As far as I know, there is no authoritative answer to the question of whether two funds from different companies that track the same index are "substantially identical" as per the wash sale rule. Here's a page discussing the issue:
http://www.fairmark.com/capgain/wash/wsident.htmIMHO, if you buy that fund in your 401k, it's a little risky - I wouldn't do it. (Assuming that it tracks the same index).
But you probably have another foreign stock fund in your 401k that is actively managed. You could use that. In fact, this is my plan for tax harvesting when I have a drop that is big enough to make it worth it to me. You can really only do this when you have foreign and US in both taxable and tax advantaged and you're willing to shift the proportion of US/foreign between the two spaces.

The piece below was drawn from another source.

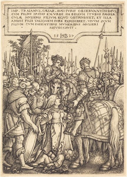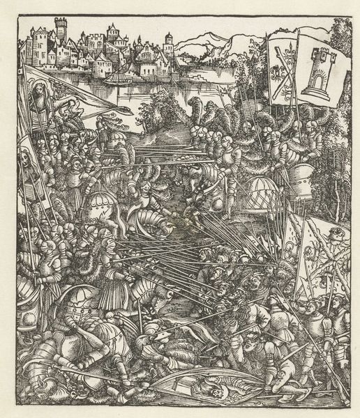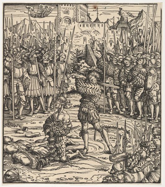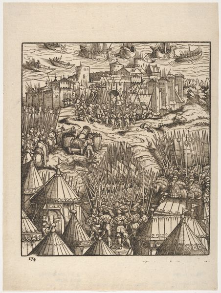 Hans Springinklee made this print of the Conquest of Stuhlweissenburg in Hungary, in around 1522, using etching and woodcut. The image shows the siege of a city, with soldiers and tents in the foreground and a detailed cityscape in the background. Prints like this one played a crucial role in shaping public opinion and spreading information during the Reformation. Germany in the 16th century was a hotbed of religious and political tension, and printed images were a powerful tool for propaganda. This print probably depicts a specific historical event, and it reflects the political and military conflicts of the time. The level of detail and the inclusion of specific architectural features suggest that it was intended to be both informative and visually impressive. To fully understand the context, we can consult contemporary chronicles, military records, and political pamphlets. By studying the social and institutional context, we can gain insight into the meaning and significance it held for its original audience.

Essentially, you'd sell the VTIAX in taxable and buy VTSAX in taxable. In the 401k, you'd sell VTSAX (or whatever US total market fund you have) and buy the foreign actively managed fund. It's not a wash sale because you're moving from an indexed fund to an actively managed fund. After 31 days, you'd sell the foreign actively manged fund in the 401k and buy the index fund (SWISX in your case). You wouldn't worry about cap gains because it was done in tax advantaged space.
If foreign stocks have a loss, you can just buy back the fund you wanted in taxable and go back to your old allocation in the 401k, no sweat. If the foreign stocks bounce back, you get to participate (minus the active management fees for one month, pretty small) and don't get stuck with that fund. You couldn't keep this up indefinitely because you might eventually wind up with all US or foreign in tax advantaged, but as long as you've got both and you're indifferent as to which one is in taxable, it's feasible.